Makna dan Nilai Spiritual Makam
Bagi masyarakat Mataram dan Lombok pada umumnya, makam ini bukan sekadar bangunan tua. Ia adalah:
- Simbol Permulaan: Sebagai penanda awal mula berkembangnya pusat pemerintahan di Kota Mataram.
- Tempat Ziarah Spiritual: Banyak peziarah, baik lokal maupun dari luar daerah, yang datang untuk mendoakan arwah leluhur, mencari ketenangan batin, atau sekadar merenungkan sejarah.
- Laboratorium Sejarah Live: Situs ini adalah bukti fisik (tangible heritage) yang dapat dipelajari untuk memahami perjalanan panjang masyarakat Lombok.
Panduan Berkunjung ke Makam Pendiri Mataram
Bagi Anda yang tertarik untuk mengunjungi situs bersejarah ini, berikut beberapa tipsnya:
- Waktu Terbaik Berkunjung: Pagi hari (pukul 08.00-11.00 WITA) atau sore hari (pukul 15.00-17.00 WITA). Hindari berkunjung pada saat jam istirahat siang.
- Tata Krama dan Busana: Kenakan pakaian yang sopan dan tertutup. Sebaiknya wanita menggunakan kain atau jilbab. Bersikap tenang dan hormat selama berada di area makam.
- Lokasi: Mudah diakses dengan kendaraan roda dua atau empat. Terdapat papan penunjuk arah yang cukup jelas.
- Tidak Ada Tiket Masuk: Berkunjung ke makam ini umumnya tidak dikenakan biaya, namun sumbangan sukarela untuk perawatan sangat diapresiasi.
Kesimpulan
Makam Pendiri Mataram adalah jantung sejarah dari Kota Mataram yang berdenyut pelan.

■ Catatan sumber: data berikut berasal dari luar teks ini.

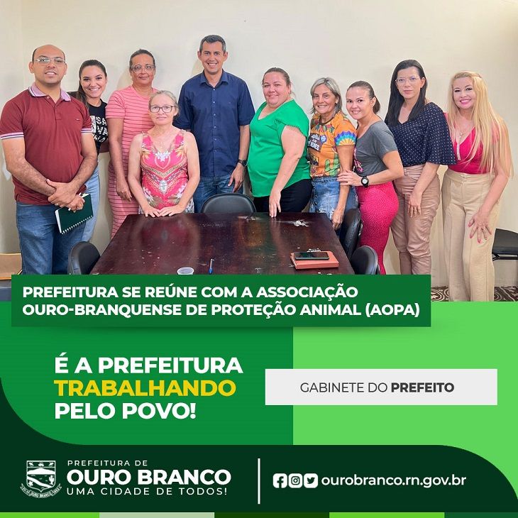 O encontro teve como objetivo discutir a parceria entre a gestão municipal e a associação, que realiza um trabalho fundamental na proteção e cuidado dos animais na cidade. Durante a reunião, foram debatidos temas relacionados ao fortalecimento do apoio da Prefeitura às ações desenvolvidas pela AOPA, reforçando o compromisso com o bem-estar animal e com a qualidade de vida da população ouro-branquense.

Ia menyimpan lebih dari sekadar tulang belulang, tetapi juga roh, semangat, dan identitas sebuah peradaban. “Kutukan” yang melekat padanya adalah narasi pengingat untuk senantiasa menghormati jasa para pendahulu. Sebelum menjelajahi pantai dan gunung di Lombok, sempatkanlah untuk singgah sejenak di sini. Rasakanlah napas sejarah yang membisikkan cerita tentang asal-usul sebuah kota yang bernama Mataram.